Update: I am sharing the json files I generated for the VisDrone dataset via google drive below.
a) annotations_VisDrone_train.json
b) annotations_VisDrone_val.json
Please follow the instructions on DOTA page. Organize it the same way as above. You can also download the json files for train and validation set below:
a) annotations_DOTA_train.json
python train_net.py \
--num-gpus 1 \
--config-file configs/Base-RCNN-FPN.yaml \
OUTPUT_DIR outputs_FPN_VisDrone
python train_net.py \
--num-gpus 1 \
--config-file configs/Dota-Base-RCNN-FPN.yaml \
OUTPUT_DIR outputs_FPN_DOTA
python train_net.py \
--num-gpus 1 \
--config-file configs/RCNN-FPN-CROP.yaml \
OUTPUT_DIR outputs_FPN_CROP_VisDrone
python train_net.py \
--num-gpus 1 \
--config-file configs/Dota-RCNN-FPN-CROP.yaml \
OUTPUT_DIR outputs_FPN_CROP_DOTA
python train_net.py \
--resume \
--num-gpus 1 \
--config-file configs/Base-RCNN-FPN.yaml \
OUTPUT_DIR outputs_FPN_VisDrone
python train_net.py \
--eval-only \
--num-gpus 1 \
--config-file configs/Base-RCNN-FPN.yaml \
MODEL.WEIGHTS <your weight>.pth
If you use Cascaded Zoom-in Detector in your research or wish to refer to the results published in the paper, please use the following BibTeX entry.

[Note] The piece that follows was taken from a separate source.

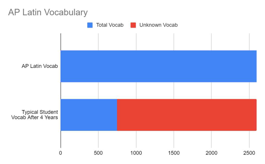 It could be argued that AP courses are intended for the academic elite, and not “typical” learners. Assuming an “advanced learner” can acquire twice as many words, though, which is a biiiiiiiiiig assumption, that still only results in 60% of the vocab. Could that vocab account for a text coverage of 80% of the 11,700 total words? If so, that’s still nowhere near a readable level. Clearly, students aren’t actually reading Latin on the AP syllabus. If not reading Latin, though, what is being measured on exam itself?
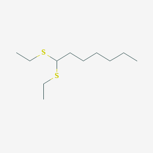 1,1-Bis(ethylsulfanyl)heptane is a sulfur-containing organic compound with the molecular formula C₁₁H₂₄S₂. Its structure consists of a heptane backbone with two ethylsulfanyl (–S–CH₂CH₃) groups attached to the first carbon atom.

@inproceedings{meethal2023czdetector,
title={Cascaded Zoom-in Detector for High Resolution Aerial Images},
author={Meethal, Akhil and Granger, Eric and Pedersoli, Marco},
booktitle={CVPRw},
year={2023},
}
Also, if you use Detectron2 in your research, please use the following BibTeX entry.
@misc{wu2019detectron2,
author = {Yuxin Wu and Alexander Kirillov and Francisco Massa and
Wan-Yen Lo and Ross Girshick},
title = {Detectron2},
howpublished = {\url{https://github.com/facebookresearch/detectron2}},
year = {2019}
}
This project is licensed under MIT License, as found in the LICENSE file.